An exact restatement of the entire listing is needed, excluding all images.

# Data block
= = = = = = =

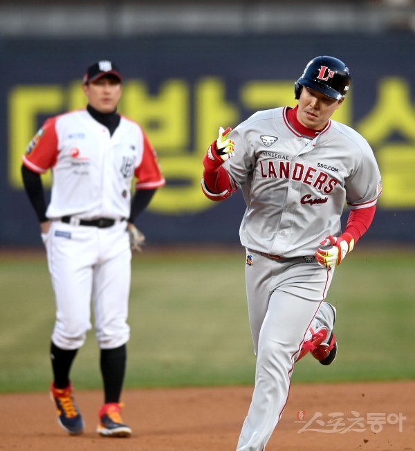 6일 수원KT위즈파크에서 ‘2022 신한은행 MY CAR KBO리그’ SSG 랜더스와 KT 위즈의 경기가 열렸다. 1회초 1사 1,2루 SSG 한유섬이 우월 스리런 홈런을 날리고 그라운드를 돌며 세리머니를 하고 있다.
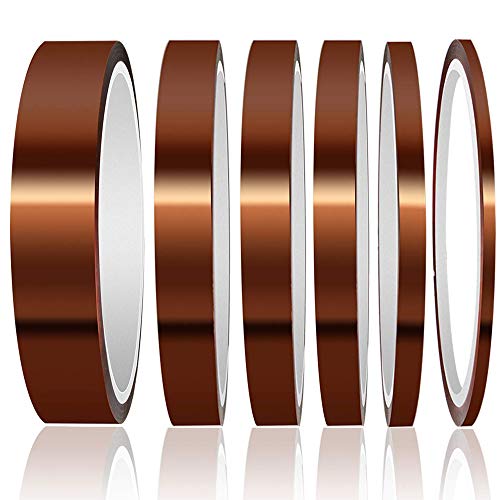 Tillverkad av 6 stycken Kaptontejp, värmebeständiga tejp, 3D-skrivare värmebeständig tejp upp till 180 °C, polyimid elektronik isoleringstejp (3 mm/6 mm/8 mm/10 mm/12 mm/20 mm x 33 m)
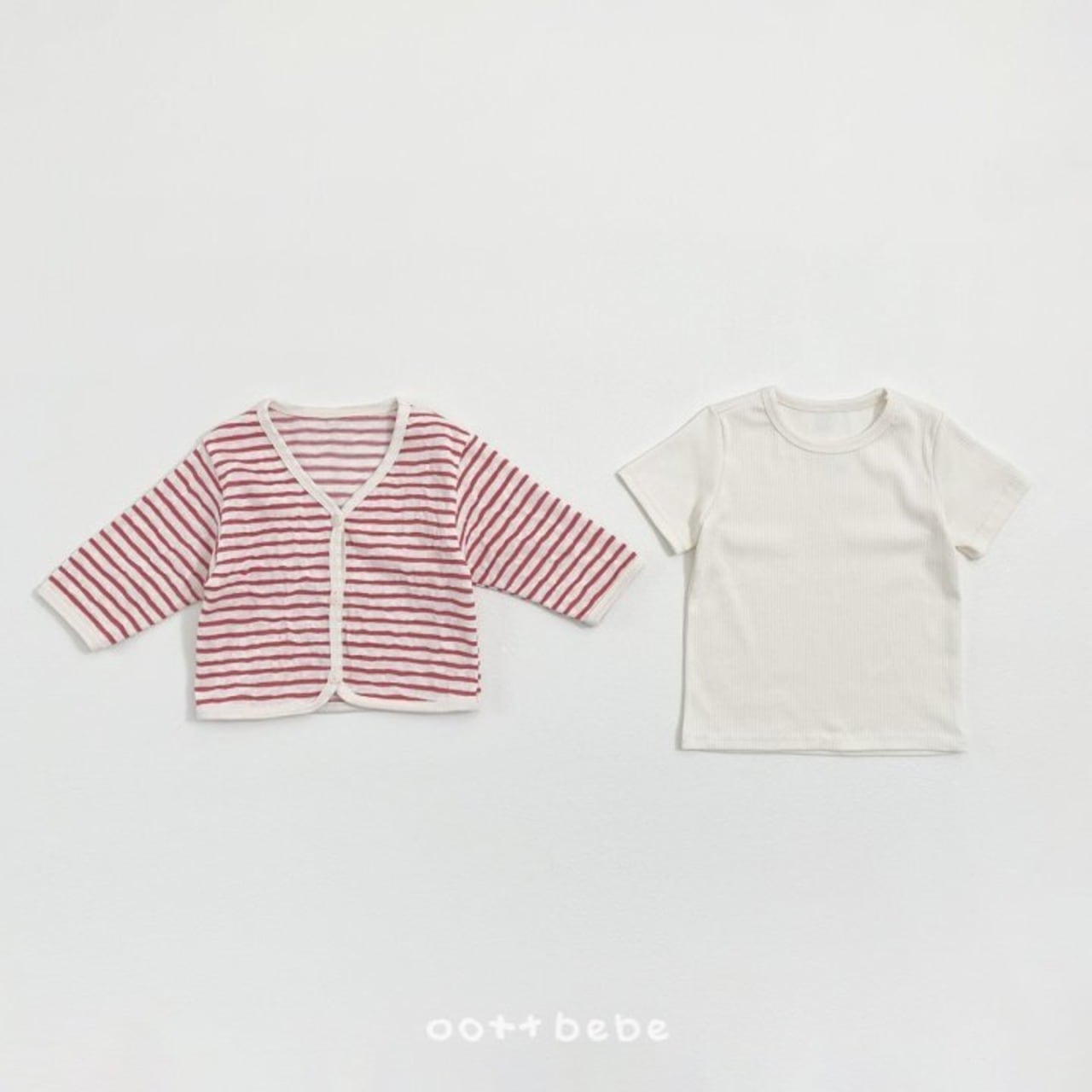oottbebe (kids) Pale striped cardigan set (T-shirt + cardigan)

= = = = = = =

# Answer section
 6일 수원KT위즈파크에서 ‘2022 신한은행 MY CAR KBO리그’ SSG 랜더스와 KT 위즈의 경기가 열렸다. 1회초 1사 1,2루 SSG 한유섬이 우월 스리런 홈런을 날리고 그라운드를 돌며 세리머니를 하고 있다.
 Tillverkad av 6 stycken Kaptontejp, värmebeständiga tejp, 3D-skrivare värmebeständig tejp upp till 180 °C, polyimid elektronik isoleringstejp (3 mm/6 mm/8 mm/10 mm/12 mm/20 mm x 33 m)
oottbebe (kids) Pale striped cardigan set (T-shirt + cardigan)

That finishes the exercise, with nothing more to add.